EXERCISE REQUIREMENTS:
Please copy, exactly as written, the span from the first line below to the line that contains "植松さんからのご縁で実現 した高松第2支部と東京同友 会墨田支部の合同例会、当日", including both, and skip the pictures.

PROVIDED ENTRIES:
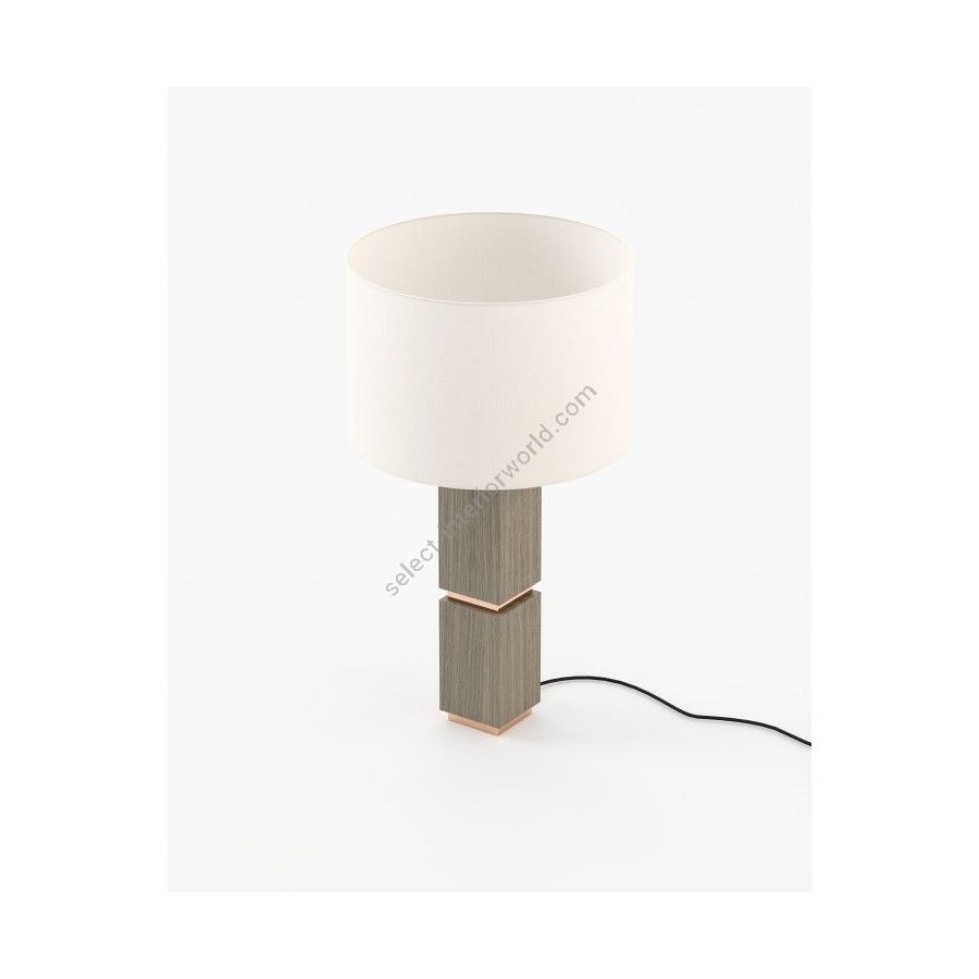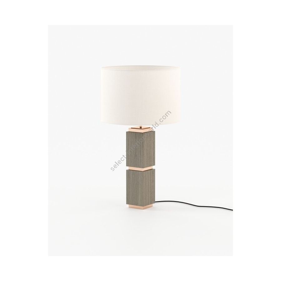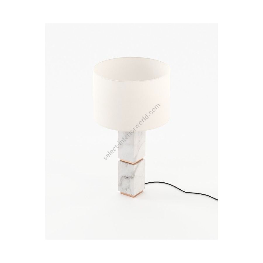Quentin table lamp is a handmade marble table lamp featuring metallic details and a square base with a round lamp shade for an interesting geometric contrast, perfect for entrance halls.
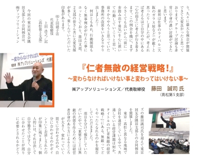 植松さんからのご縁で実現 した高松第2支部と東京同友 会墨田支部の合同例会、当日 は藤田氏のカ...
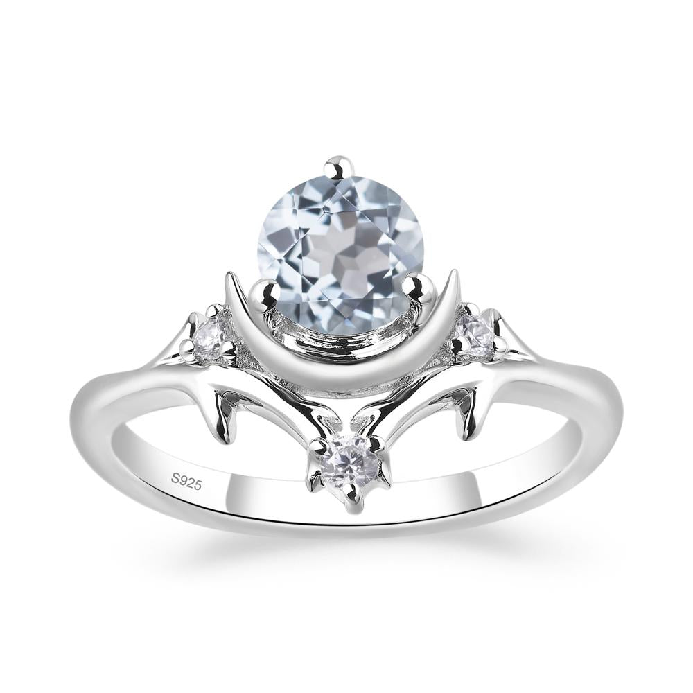 This ring artfully integrates a crescent element, embracing a prominent central aquamarine with its curved form, complemented by a cascade of orbs and fluid bands for an ethereal, moon-inspired motif.
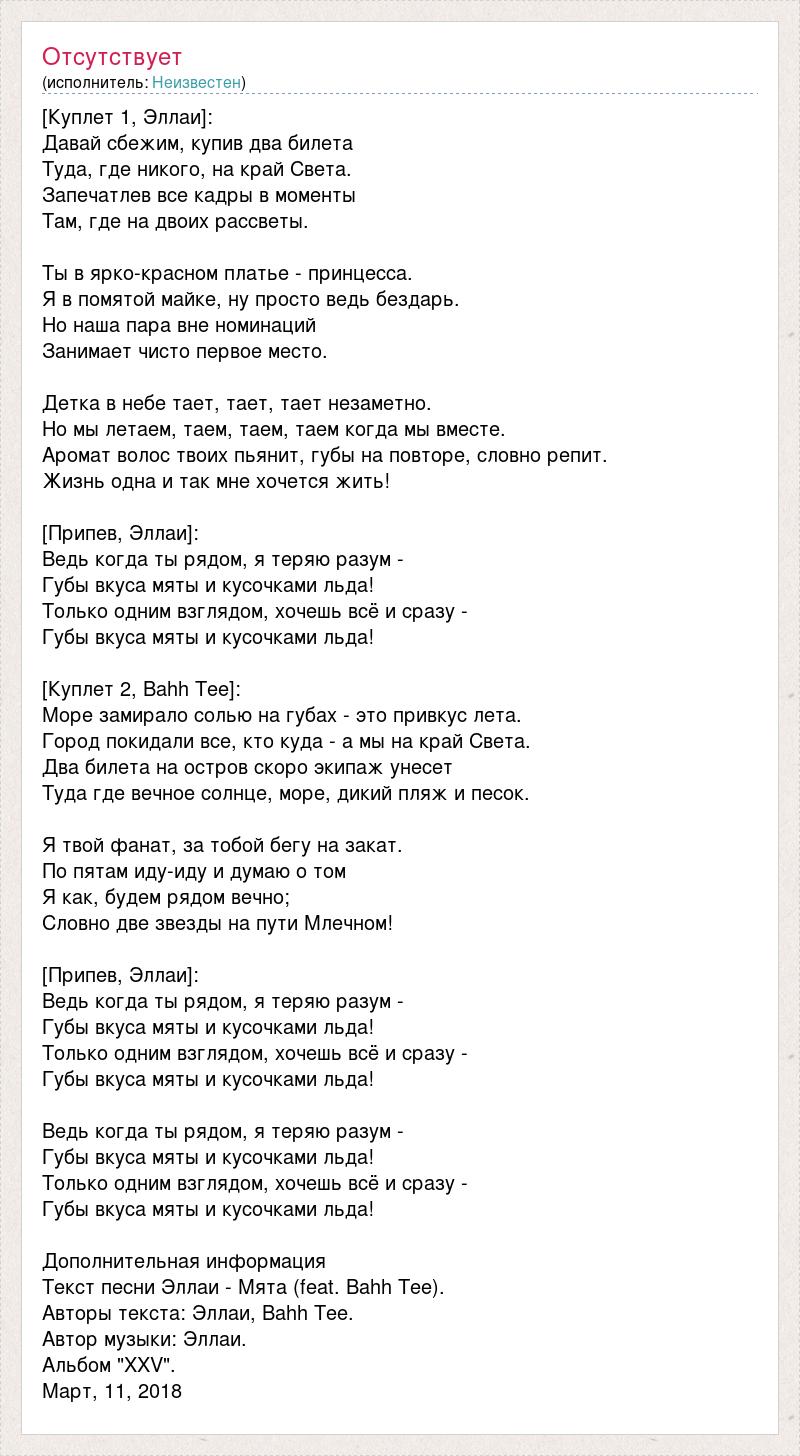 [Куплет 1, Эллаи]: Давай сбежим, купив два билета Туда, где никого, на край Света. Запечатлев все кадры в моменты Там, где на двоих рассветы. Ты в ярко-красном платье - принцесса. Я в помятой майке, ну просто ведь бездарь. Но наша пара вне номинаций Занимает чисто первое место. Детка в небе тает, тает, тает незаметно. Но мы летаем, таем, таем, таем когда мы вместе. Аромат волос твоих пьянит, губы на повторе, словно репит. Жизнь одна и так мне хочется жить! [Припев, Эллаи]: Ведь когда ты рядом, я теряю разум - Губы вкуса мяты и кусочками льда! Только одним взглядом, хочешь всё и сразу - Губы вкуса мяты и кусочками льда! [Куплет 2, Bahh Tee]: Море замирало солью на губах - это привкус лета. Город покидали все, кто куда - а мы на край Света. Два билета на остров скоро экипаж унесет Туда где вечное солнце, море, дикий пляж и песок. Я твой фанат, за тобой бегу на закат. По пятам иду-иду и думаю о том Я как, будем рядом вечно; Словно две звезды на пути Млечном! [Припев, Эллаи]: Ведь когда ты рядом, я теряю разум - Губы вкуса мяты и кусочками льда! Только одним взглядом, хочешь всё и сразу - Губы вкуса мяты и кусочками льда! Ведь когда ты рядом, я теряю разум - Губы вкуса мяты и кусочками льда! Только одним взглядом, хочешь всё и сразу - Губы вкуса мяты и кусочками льда! Дополнительная информация Текст песни Эллаи - Мята (feat. Bahh Tee). Авторы текста: Эллаи, Bahh Tee. Автор музыки: Эллаи. Альбом "XXV". Март, 11, 2018
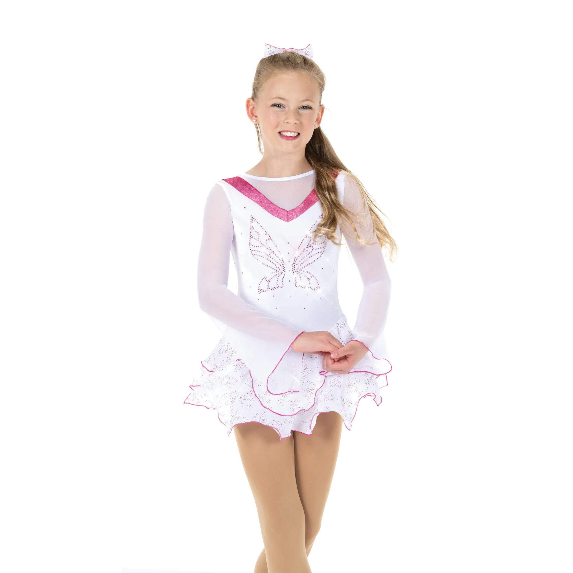 Snow white velvet dress with fluted mesh sleeves, a V-neck trimmed in pink shimmer velvet and a pink crystal butterfly motif that is picked up in the double layer skirt of glittery pink butterfly georgette. A sequined butterfly dresses up the back and pink skirt edging adds finesse. Lined.

EXERCISE RESPONSE:
Quentin table lamp is a handmade marble table lamp featuring metallic details and a square base with a round lamp shade for an interesting geometric contrast, perfect for entrance halls.
 植松さんからのご縁で実現 した高松第2支部と東京同友 会墨田支部の合同例会、当日 は藤田氏のカ...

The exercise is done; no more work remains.